4 Temmuz 2016 Pazartesi

KIRMIZI BORAZAN





O bayram, ecnebi marka kırmızı borazanı amerikan pasajından annem mi, yoksa babam mı almıştı? Hatırlamıyorum. Eski bayramları iyi hatırlıyorum ama. Kafaları çok şişirmiş olmalıyım ki bir gece içini pamukla tıkamışlardı. Unutmadığım ilk hediyem. Kırmızı borazan. Sonra dışarı açılmaya başladım. İnsan büyüdükçe dışarı açılır. Büyümeseydim, dışarıya da açılmasaydım. Hep çocuk kalsaydım keşke. Heyecanla uyanır, ilk babamın elini öperdim. Hatırı sayılır bayram harçlığı verirdi. Hemen karşı bakkala koşar, mantar tabancası, maytaplar alırdım. Mahallenin kızlarını korkutmayı severdim. Esmeray kapılarının önünde bayılmıştı. Kötü bir çocuk muydum? Değildim. Her çocuk kadar çocuktum. Her çocuk kadar iyi ve kötü. Mesela güvercinleri sapanla vurmaz, boyunlarını koparmazdım. Bazıları yapardı.


Annem genelde çorap alır, bazen sürpriz oyuncaklarla şaşırtırdı. Ecnebi marka bir tabanca almıştı bir keresinde. Onu hiç unutmadım. Uzun zaman sahici sanıp, arkadaşları ikna etmekle geçmişti günlerim. İnanmıyorlardı bana. Şişenin dibinden ateşledim. Şişe kırılmadı. Öfke ve karamsarlıkla ilk tanışmam. Yerinde öfke iyidir. İnsanı tetikler. Küçük ablam "şuna tabanca almayın, huyu değişiyor" derdi.


Büyük ablamla eniştem fanila ve don alırdı. Her zaman işe yarayan bir hediye. Küçük ablam bir şey almazdı ama fulbright bursu ile gittiği ve sonra gitmeleri alışkanlık haline getirdiği Amerika'dan lacoste tsirtler ve levi's jeans-lar getirirdi. Yurt dışıyla bağlantılı bir arkadaş "aaa lacoste" demişti. Demek üstümdeki kıymetli bir şeydi.

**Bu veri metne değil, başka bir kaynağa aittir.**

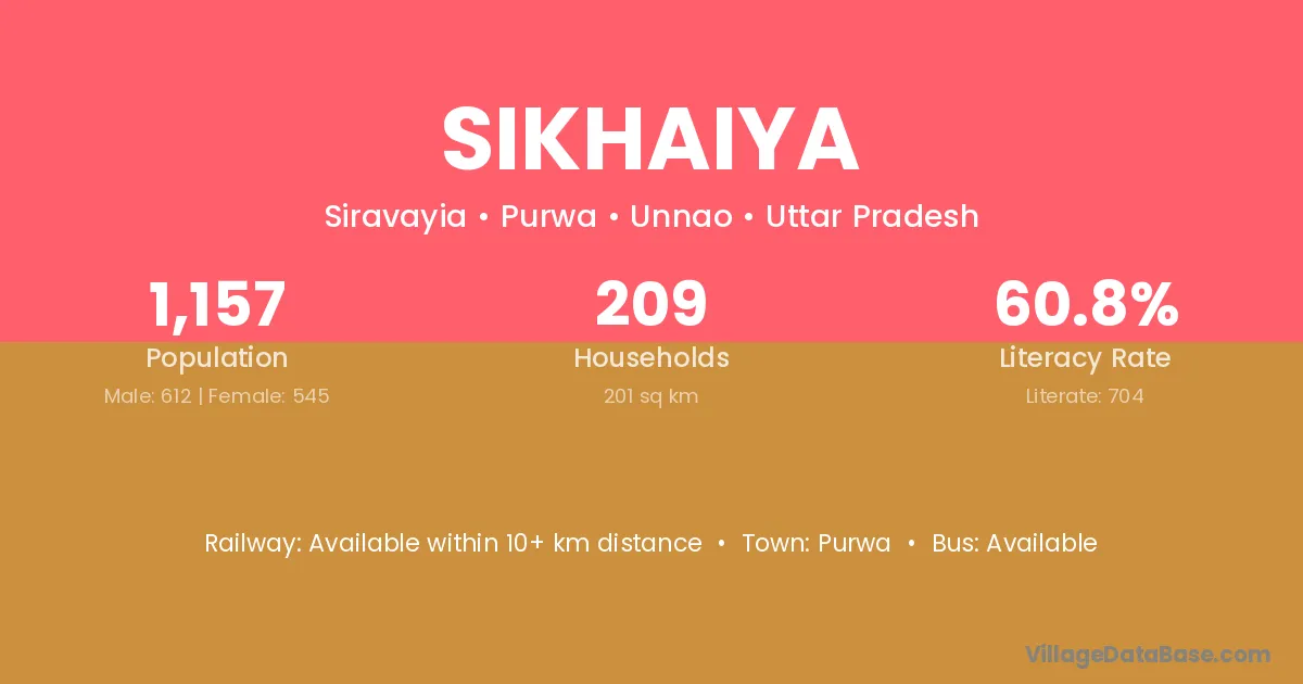 Sikhaiya village has a total population of 1,157 people, of which 612 are males and 545 are females.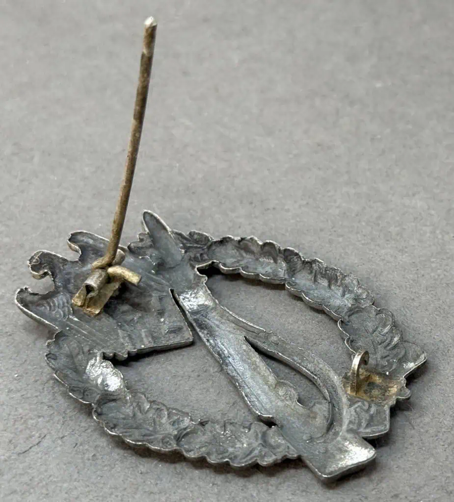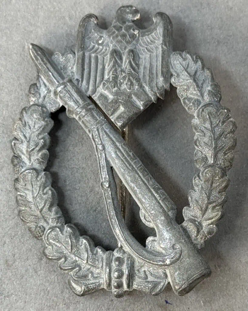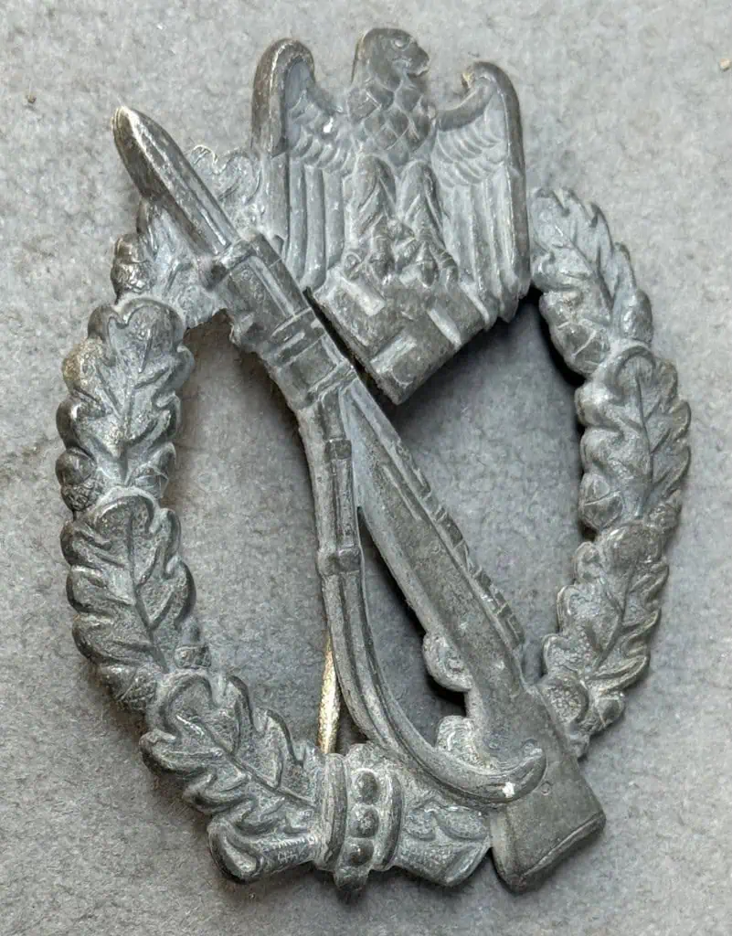 Original WWII German Infantry Assault Badge In Sliver Certified By The Gettysburg Museum Of History. The Infantry Assault Badge in silver was introduced on December 20TH 1939 by Generaloberst Walther von Brauchitsch, for award to Officers, and EM/NCO’s of non-motorized, Infantry and Mountain Infantry units. Criteria for the award varied, with the main qualification being participation in three separate Infantry assaults. Of Note: On June 1ST 1940 a bronze version of the Infantry Assault Badge was introduced for award to Officer’s, and EM/NCO’s of Motorized Infantry units. Die struck, hollowed backed, zinc construction badge with a silver washed finish features an embossed, vertically oval, oak-leaf wreath with a Wehrmacht style eagle with down-swept wings, clutching a canted swastika in its talons, superimposed to the top center, encompassing a cut-out, bolt action, rifle with a fixed bayonet and a sling. The reverse should have a crimped, soldered hinge, a thin, round, vertical, pin and a soldered catch are present. Rare hollow back version! in good condition some of it’s original silver wash still present!. Complete Museum documentation (COA) Provided. Certified by The Gettysburg Museum of History. The Gettysburg Museum of History does not support or condone Adolf Hitler or the Nazi Party and is only offering this as a historic relic. Please see our other items. Also note when browsing our web site there are several pages of items, at the bottom of the list look for other page numbers. Good CONDITION VERY NICE.

Pek havalara girmiştim. Şimdilerde markaları sevmiyorum.


Bayramın birinci günü tam bir şölen olurdu. Bütün akrabalara gidilirdi. Bol bol çikolata yenirdi. En çok annemin amcasına gidilirken sevinirdim. En küçük oğlu bekâr, bonkör ve çapkındı. Ayın 15'inden önce parası bitmeden bayram olmalıydı. En fazla harçlığı o verirdi. En cimrisi komşumuz Enver amcaydı. Bir 25 kuruşa fit ederdi. Dayım İstanbul'dan gelmişse evin havası iyice değişirdi. Kızılay'dan tahta kafes içinde saka kuşu getirirdi. İşleri gelişip zenginleştikçe uçan ecnebi helikopter bile getirmişti.

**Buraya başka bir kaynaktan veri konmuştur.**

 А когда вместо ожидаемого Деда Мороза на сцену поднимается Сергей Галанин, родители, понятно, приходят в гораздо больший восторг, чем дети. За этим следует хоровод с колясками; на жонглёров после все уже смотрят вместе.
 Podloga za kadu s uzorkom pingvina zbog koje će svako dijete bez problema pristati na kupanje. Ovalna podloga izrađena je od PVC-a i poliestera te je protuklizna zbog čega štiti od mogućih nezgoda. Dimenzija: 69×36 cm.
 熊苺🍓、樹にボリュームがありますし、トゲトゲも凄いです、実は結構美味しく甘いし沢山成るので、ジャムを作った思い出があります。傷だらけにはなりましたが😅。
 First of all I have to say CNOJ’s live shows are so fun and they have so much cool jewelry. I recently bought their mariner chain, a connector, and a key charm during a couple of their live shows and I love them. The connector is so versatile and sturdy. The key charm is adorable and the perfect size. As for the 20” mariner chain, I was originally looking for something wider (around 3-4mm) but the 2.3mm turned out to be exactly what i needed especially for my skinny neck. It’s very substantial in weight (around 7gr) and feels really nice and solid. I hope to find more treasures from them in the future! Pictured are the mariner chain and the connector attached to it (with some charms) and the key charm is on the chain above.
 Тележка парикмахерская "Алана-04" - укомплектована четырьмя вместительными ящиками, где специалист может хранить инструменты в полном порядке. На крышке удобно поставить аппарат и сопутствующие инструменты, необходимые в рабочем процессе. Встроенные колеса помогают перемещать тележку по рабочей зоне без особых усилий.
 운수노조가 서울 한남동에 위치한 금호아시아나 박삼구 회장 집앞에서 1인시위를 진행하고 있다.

Mahalle kültürü vardı. Mahallede ağabey ve ablalarımız vardı. Geç saatlere kadar duvar üstünde otururduk. Gıptayla dinler, racon öğrenirdik. Aşk mektuplarını götürüp getirirdik. Kavga edeceğimiz zaman tepeye açılır, teke tek yumruklarla kozumuzu paylaşırdık. Taş, sopa kullanmazdık. İşi fazla uzatmaz, sonra barışırdık. Siyaset yoktu. Siyaset için kavga edilmezdi. Bahçelievler'den gelen motosikletliler mahalle kızlarına sarkarsa, iş değişir, namus konusuna dönüşürdü. Zincirlerle kavga edilirdi. Sonra onların mahallesi basılırdı. Sonunda arkadaş olunurdu.

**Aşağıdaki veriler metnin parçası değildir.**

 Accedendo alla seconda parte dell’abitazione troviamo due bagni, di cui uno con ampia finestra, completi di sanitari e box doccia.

En önemlisi kolektif bilinç vardı. Kişisel değil, herkes paylaşımcıydı. Bayram geceleri jandarma lokalinin bahçesinde canlı müzikle dans ederdik. Biraz daha büyümüştüm. West Side Story modaydı. Kendimi parçalayarak fena figürler çekmezdim. Sonra slow başlardı. Otuz dört paça pantolonlarla içimiz içimize sığmaz, yeni yeni uyandığımız günlerdi. Güzel günlerdi.


Güzel bayramlar dilerim.


---

Mehmet Osman Çağlar
Temmuz, 2016

11 yorum:

  1. İyi bayramlar dileriz, tam bayramlık bir yazıydı, teşekkürler.

    YanıtlaSil
    Yanıtlar
    1. Epeydir yoktunuz dostum. Biz de iyi bayramlar dileriz, teşekkürler

      Sil
  2. Çocukluktaki bir oyuncak, bir giysi, bazen bir insan, nasıl da anlam yüklenmiş oluyor. Yeniden anılar düşünüldükçe bir define bulmuş gibi olabiliyor insan.
    Eski bayramlarda "insan" önemliydi. Şimdi "birey" önemli.
    Bayram gibi bayramları, huzuru, dinginliği özlüyor insan...

    YanıtlaSil
    Yanıtlar
    1. O anlam yüklenen nesnelerin öznesinden çıkan insani olumlamadan kaynaklanıyor değeri, onun için bir define bulmuş gibi olabiliyor insan.
      Ailece şeker bayramınızı kutlarız. Esen kalın.

      Sil
  3. bayramların yalnızca tatil olarak algılandığı bu dönemde böyle sıcak bir yazıyı okumak ne iyi geldi..
    iyi bayramlar..

    YanıtlaSil
    Yanıtlar
    1. Teşekkür ederim.
      Size de tekrar iyi bayramlar...

      Sil
  4. Güzeldi şimdi bayramlar tatil demek oluyor ..mahallemizden şimdi ismini hatırlayamadığım komşu çocuğu mantar tabancasına yüzüme doğru patlatmıştı akabinde bendende güzel bir dayak yemişti..ispanyol paçalarımız..bizden bir adım önde giderdi..sevgi ve dostlukla..

    YanıtlaSil
    Yanıtlar
    1. Sizin yorumunuz spam bölümüne takılmış, onun için geç cevap veriyorum, kusura bakmayın.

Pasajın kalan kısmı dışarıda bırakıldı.